Information provided:
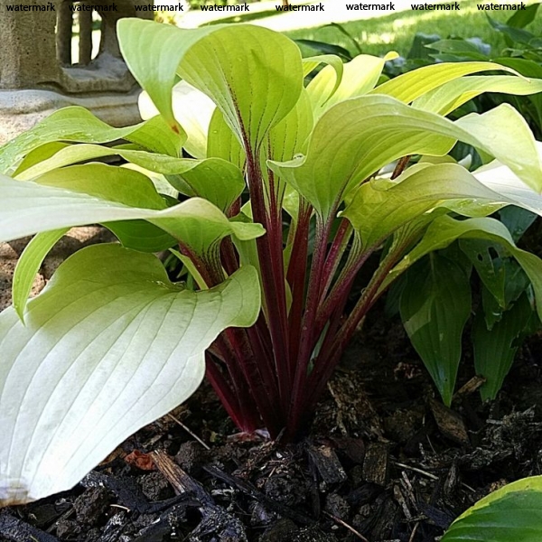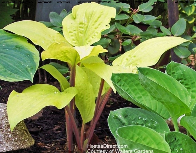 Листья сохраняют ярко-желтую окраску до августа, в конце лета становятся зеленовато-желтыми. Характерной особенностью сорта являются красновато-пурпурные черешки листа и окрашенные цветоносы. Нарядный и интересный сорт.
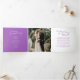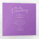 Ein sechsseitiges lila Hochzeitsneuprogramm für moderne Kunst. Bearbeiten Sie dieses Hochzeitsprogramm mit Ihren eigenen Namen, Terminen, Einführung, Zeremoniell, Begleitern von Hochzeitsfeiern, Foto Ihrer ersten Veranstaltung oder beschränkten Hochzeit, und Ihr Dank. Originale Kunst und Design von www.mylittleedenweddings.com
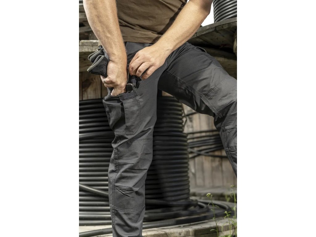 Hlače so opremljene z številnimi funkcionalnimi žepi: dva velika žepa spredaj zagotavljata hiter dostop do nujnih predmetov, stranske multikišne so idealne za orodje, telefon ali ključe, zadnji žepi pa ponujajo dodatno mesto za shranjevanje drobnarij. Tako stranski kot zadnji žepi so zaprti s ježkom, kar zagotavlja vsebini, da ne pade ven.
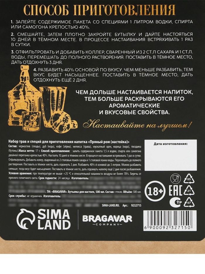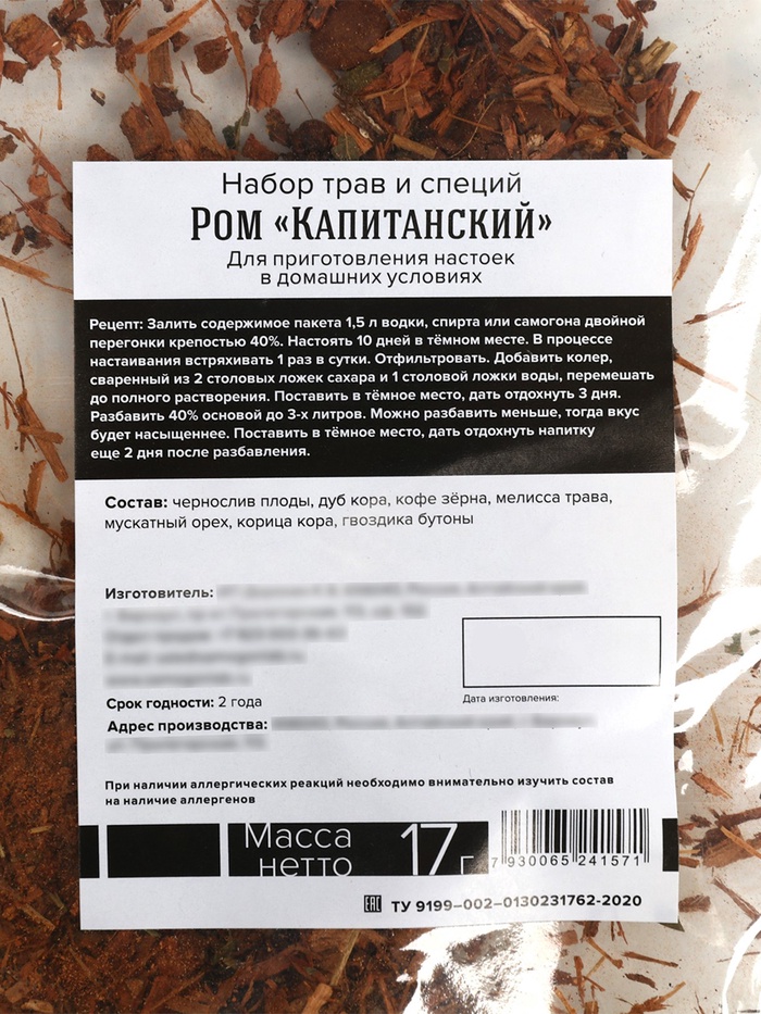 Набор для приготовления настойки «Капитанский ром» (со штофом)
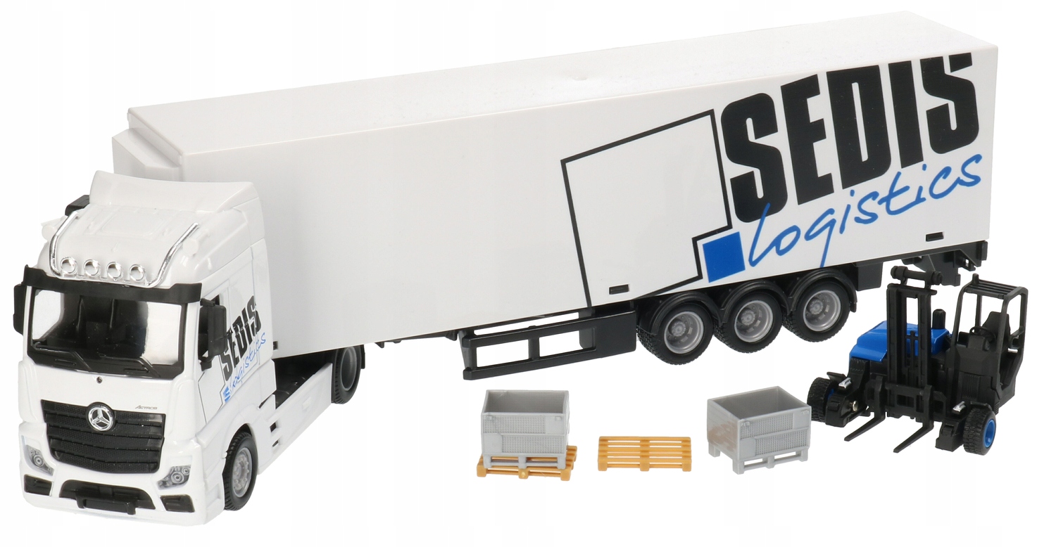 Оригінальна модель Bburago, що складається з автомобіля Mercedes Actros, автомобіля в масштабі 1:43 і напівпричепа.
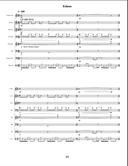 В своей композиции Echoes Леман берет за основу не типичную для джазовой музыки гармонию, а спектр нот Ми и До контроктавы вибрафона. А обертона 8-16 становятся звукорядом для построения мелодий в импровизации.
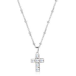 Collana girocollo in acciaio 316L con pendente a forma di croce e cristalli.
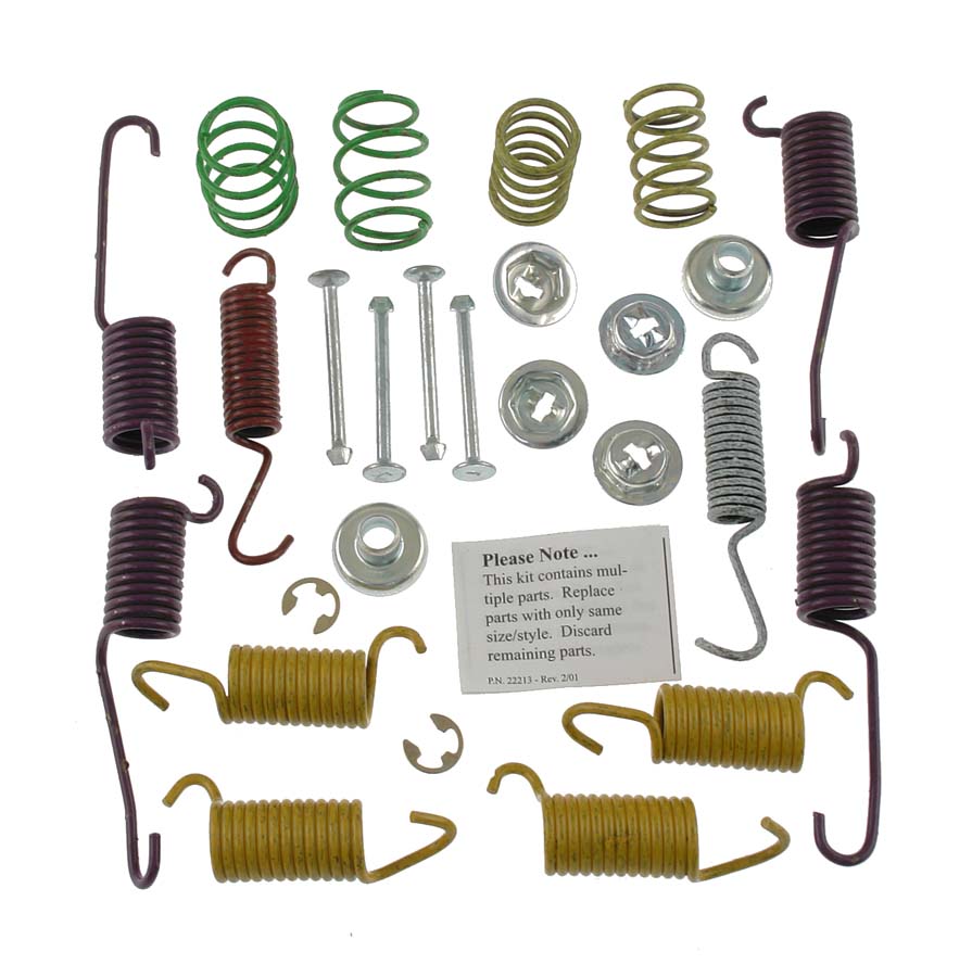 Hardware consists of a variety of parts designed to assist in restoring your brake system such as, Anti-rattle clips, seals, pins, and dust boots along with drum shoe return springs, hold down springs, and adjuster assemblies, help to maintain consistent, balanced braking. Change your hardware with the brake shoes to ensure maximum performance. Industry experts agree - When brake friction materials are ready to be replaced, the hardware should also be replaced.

---

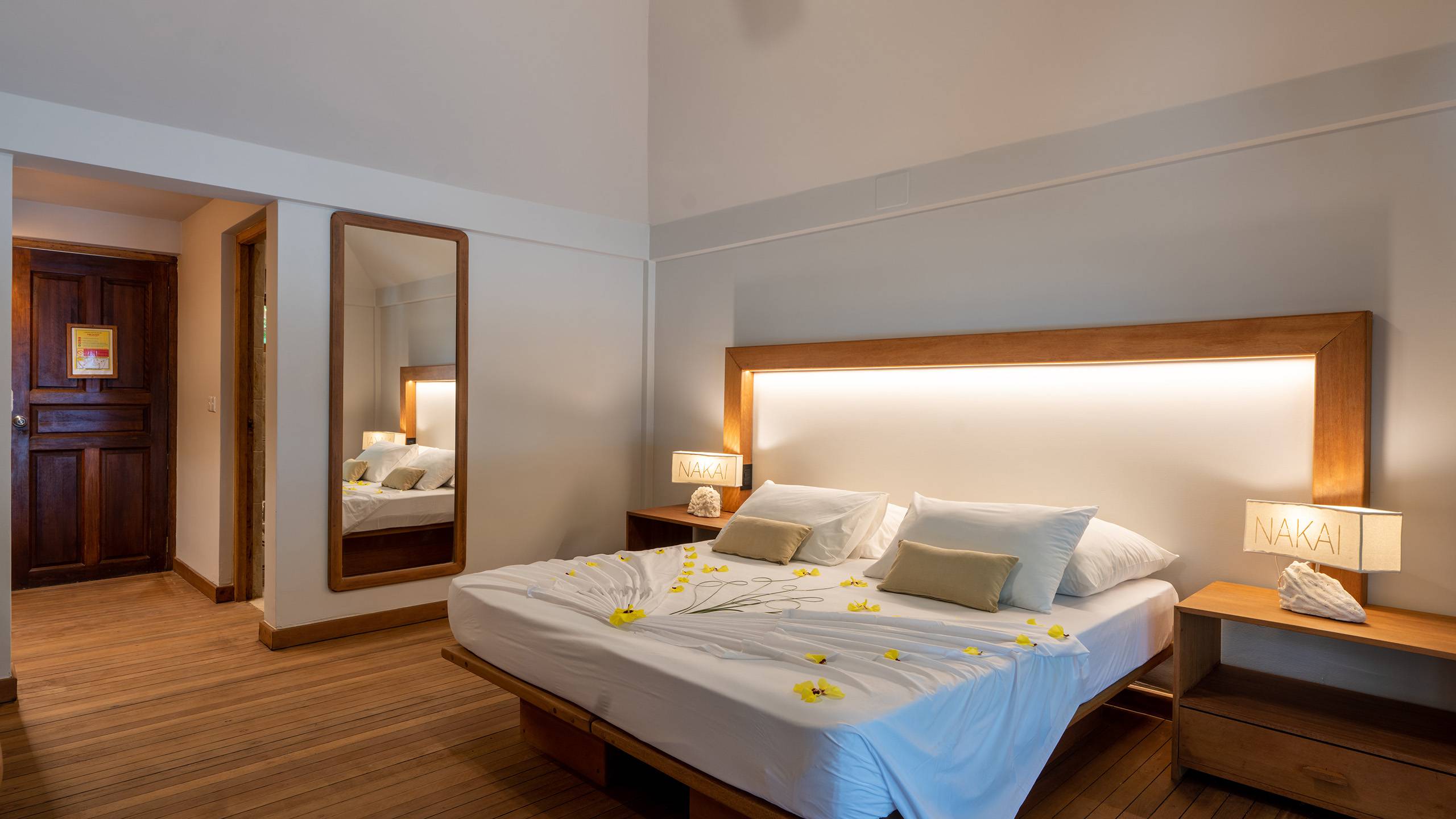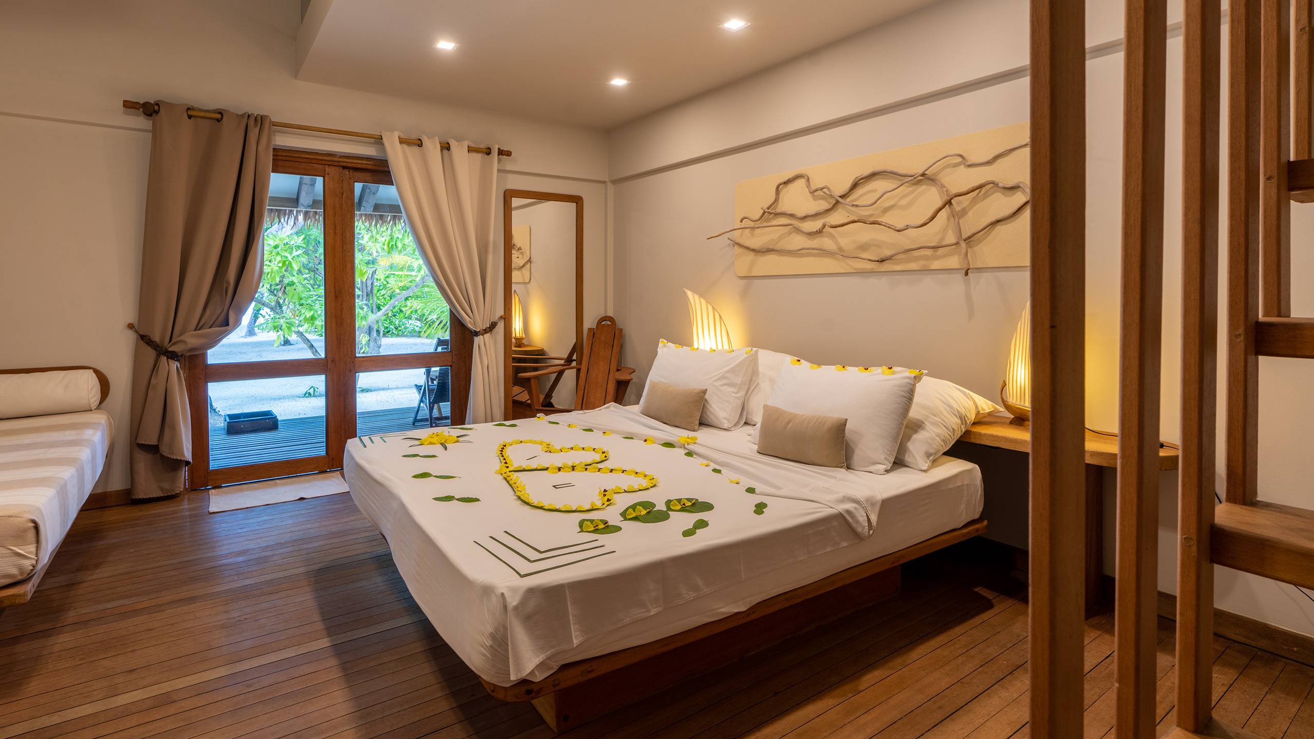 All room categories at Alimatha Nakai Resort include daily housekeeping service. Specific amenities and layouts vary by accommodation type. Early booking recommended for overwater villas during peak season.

--

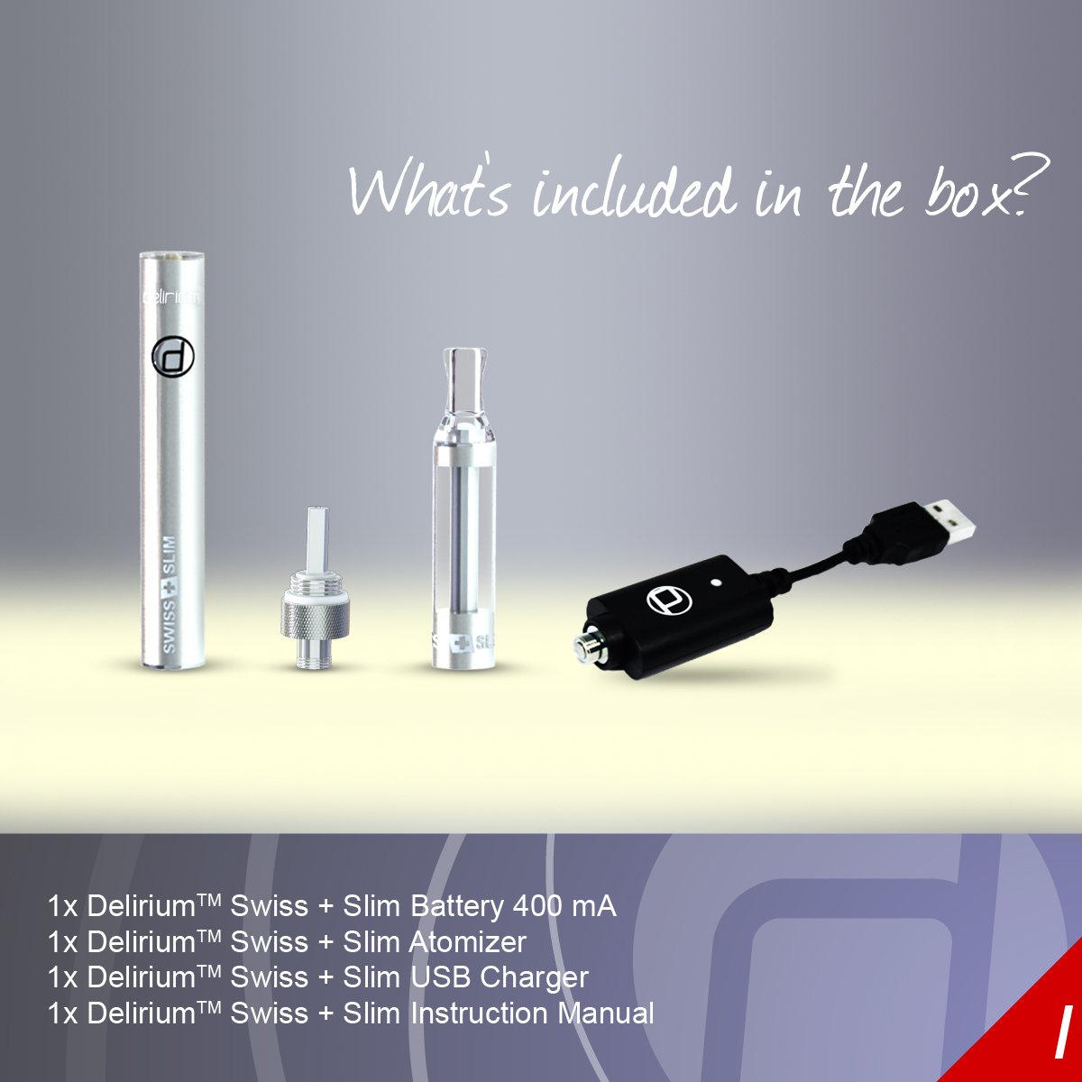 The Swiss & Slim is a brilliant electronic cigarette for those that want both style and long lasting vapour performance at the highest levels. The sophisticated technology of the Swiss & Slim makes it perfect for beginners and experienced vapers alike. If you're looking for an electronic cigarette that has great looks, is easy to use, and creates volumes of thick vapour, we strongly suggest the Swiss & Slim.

Exercise prompt: Once the line with "Листья сохраняют ярко-желтую" is found above, print it and every line after it through the line with "Ein sechsseitiges lila", exactly. Pictures stay out.

Output for this task:
 Листья сохраняют ярко-желтую окраску до августа, в конце лета становятся зеленовато-желтыми. Характерной особенностью сорта являются красновато-пурпурные черешки листа и окрашенные цветоносы. Нарядный и интересный сорт.
 Ein sechsseitiges lila Hochzeitsneuprogramm für moderne Kunst. Bearbeiten Sie dieses Hochzeitsprogramm mit Ihren eigenen Namen, Terminen, Einführung, Zeremoniell, Begleitern von Hochzeitsfeiern, Foto Ihrer ersten Veranstaltung oder beschränkten Hochzeit, und Ihr Dank. Originale Kunst und Design von www.mylittleedenweddings.com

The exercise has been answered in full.